To Read or Not to Read?


    School at Mulberry was “consolidated” in 1949. All grades, including the eighth for Gregory, went to Ravenna. Clayton heard his son read and remarked to Gladys, “He’ll never graduate.” A diary will subsequently show how hard Gregory worked to prove that wrong, though he didn’t know the meaning of “college” yet.

    During the four years that followed (1950-54), on the long school bus rides to Bonham high school, Gregory found a time to enter a world of his own imagination. Parents and all the adults he knew were absent from it. It was centered on a beautiful house beside a lake, with terraces and “French doors” like in the movie version of “Great Gatsby” at the Elite, and the central figure was an “older brother”. “Tarzan” movies also came regularly to the
American; a “house” wasn’t necessary in that jungle.
    Clayton continued to whip Gregory until he was fifteen. He kept a tractor fan belt on a nail behind the refrigerator in the kitchen, but the last time he used a branch from the weeping willow Gregory planted. With a cousin, he’d ridden his bicycle to the church before sundown. Inside the back door, Gregory saw the whip on the quilt box. Clayton was eating, rose and caught him by the wrist, dragged him outside behind the garage, and whipped hard. He didn’t cry and his fury startled them. They would have to find another way to punish. It was denial of permission to go to town on Saturday night, on the school bus (Marvin Baker in Mulberry owned his own and charged 25 cents),
to see a show, walk around the square, and have a cherry-coke at the bus station, returning home before the 10:30 picture started.

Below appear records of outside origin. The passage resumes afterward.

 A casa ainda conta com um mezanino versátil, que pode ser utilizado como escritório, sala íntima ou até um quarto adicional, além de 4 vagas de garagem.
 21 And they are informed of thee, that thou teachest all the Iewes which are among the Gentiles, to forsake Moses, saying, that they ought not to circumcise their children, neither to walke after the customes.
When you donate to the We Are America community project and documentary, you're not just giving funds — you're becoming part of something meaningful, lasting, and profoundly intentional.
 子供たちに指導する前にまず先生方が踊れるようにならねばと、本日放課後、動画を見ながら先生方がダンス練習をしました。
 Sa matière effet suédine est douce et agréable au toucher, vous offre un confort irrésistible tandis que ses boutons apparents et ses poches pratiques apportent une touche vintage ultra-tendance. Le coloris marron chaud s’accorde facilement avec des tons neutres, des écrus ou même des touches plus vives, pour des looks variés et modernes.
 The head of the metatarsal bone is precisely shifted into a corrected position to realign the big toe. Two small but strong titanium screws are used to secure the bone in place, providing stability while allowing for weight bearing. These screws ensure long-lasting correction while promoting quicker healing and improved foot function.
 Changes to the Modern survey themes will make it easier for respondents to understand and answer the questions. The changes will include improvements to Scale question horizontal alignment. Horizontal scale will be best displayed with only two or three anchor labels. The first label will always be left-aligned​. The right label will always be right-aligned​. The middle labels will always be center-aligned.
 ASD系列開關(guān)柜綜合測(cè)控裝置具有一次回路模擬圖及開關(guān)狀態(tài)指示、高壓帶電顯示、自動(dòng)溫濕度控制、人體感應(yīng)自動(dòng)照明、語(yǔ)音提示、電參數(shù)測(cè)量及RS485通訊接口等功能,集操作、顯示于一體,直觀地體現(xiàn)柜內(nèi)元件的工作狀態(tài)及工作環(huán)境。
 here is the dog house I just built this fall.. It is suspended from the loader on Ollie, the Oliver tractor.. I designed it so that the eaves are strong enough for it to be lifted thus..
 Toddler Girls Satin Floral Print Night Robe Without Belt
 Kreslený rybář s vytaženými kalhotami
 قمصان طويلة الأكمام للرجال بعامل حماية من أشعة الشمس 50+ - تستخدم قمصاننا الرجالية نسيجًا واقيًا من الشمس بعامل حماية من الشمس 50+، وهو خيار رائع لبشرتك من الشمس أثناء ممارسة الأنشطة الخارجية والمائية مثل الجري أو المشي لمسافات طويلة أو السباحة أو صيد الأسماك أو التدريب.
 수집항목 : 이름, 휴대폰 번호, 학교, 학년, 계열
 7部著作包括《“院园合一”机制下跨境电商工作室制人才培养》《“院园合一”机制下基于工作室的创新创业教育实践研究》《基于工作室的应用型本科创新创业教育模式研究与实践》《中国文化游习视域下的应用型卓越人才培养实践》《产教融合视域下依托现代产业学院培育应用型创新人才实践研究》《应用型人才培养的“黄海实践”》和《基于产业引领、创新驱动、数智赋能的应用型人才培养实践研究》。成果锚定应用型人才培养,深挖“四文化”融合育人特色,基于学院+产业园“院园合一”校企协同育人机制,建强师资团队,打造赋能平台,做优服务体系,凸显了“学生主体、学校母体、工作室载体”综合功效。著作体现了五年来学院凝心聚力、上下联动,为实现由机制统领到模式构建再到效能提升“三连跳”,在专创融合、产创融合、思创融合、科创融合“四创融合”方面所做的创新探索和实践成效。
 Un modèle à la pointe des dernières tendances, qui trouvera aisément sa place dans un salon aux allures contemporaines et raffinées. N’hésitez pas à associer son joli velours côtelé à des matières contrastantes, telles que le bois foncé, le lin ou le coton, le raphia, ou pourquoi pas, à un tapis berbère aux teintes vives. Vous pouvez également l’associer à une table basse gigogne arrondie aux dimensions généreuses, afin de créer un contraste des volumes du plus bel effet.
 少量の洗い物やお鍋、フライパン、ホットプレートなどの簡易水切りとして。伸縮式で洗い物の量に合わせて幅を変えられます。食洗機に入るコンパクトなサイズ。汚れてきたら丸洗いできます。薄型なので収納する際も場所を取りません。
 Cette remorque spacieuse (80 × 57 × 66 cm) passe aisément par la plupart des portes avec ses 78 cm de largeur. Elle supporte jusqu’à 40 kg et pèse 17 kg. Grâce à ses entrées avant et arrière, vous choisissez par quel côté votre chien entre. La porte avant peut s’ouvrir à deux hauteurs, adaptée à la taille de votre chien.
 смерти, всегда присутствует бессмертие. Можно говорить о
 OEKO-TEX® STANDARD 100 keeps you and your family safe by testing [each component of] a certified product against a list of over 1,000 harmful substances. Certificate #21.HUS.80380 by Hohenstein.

    Starting his freshman year in Bonham, at physical education, Gregory’s class was assigned touch football. The coach did not accompany. A few of the boys played. Gregory stood on the sideline, watching. One of the boys under the tree yelled “Get in there”. He said he’d watch. The boy took off a heavy belt and whipped Gregory. He didn’t move... harder...they all watched. Bright scars showed for many years (fainter toward the end of life). Gladys and Clayton were disturbed. Clayton would demand to know why. Next morning: “No, it would just get the coach in trouble and make the class harder for you.”

     In fourth grade at Mulberry (1946), we were in Miss Hazel Rogers’ room. At recess, on a field beyond the cook shack, choosing sides before a ball game was the daily ritual. If he was not the chooser himself, as captain of one side, Doyle was always chosen first; the rest was predictable, including the bigger girls first, and me last. I don’t remember being bothered by this; I seemed to know, because my size and weight.

    We rode the school bus only a mile from where I caught it. Neal was the Burgess brother nearest my age. Making his way down a crowded aisle, he dropped his schoolbooks and was picking them up when the idea came to me. As we were getting off, I bumped Neal’s arm so that he dropped his books again. This time he didn’t stop to pick them up, but pursued me fast until we reached the schoolhouse door. Then Neal punched my nose with his fist, very hard. I was bleeding, but could say, “Now, Neal, see what you’ve done.” He’d already turned his back and nobody paid any attention, or said anything about the incident when teachers started arriving, and we became better friends, but never close.

    Ruth was the daughter of Odie and Jack Crumby. She was my age and we were in first grade together, where more than one grade was taught in the same school room. I sat beside Ruth during second grade spelling classes; she was bright and fast, compared with me; my “kat” was wrong again. Ruth was allowed to assist the teacher in the “library,” a curtained-off corner which might be either open, or closed, a privileged place, I thought.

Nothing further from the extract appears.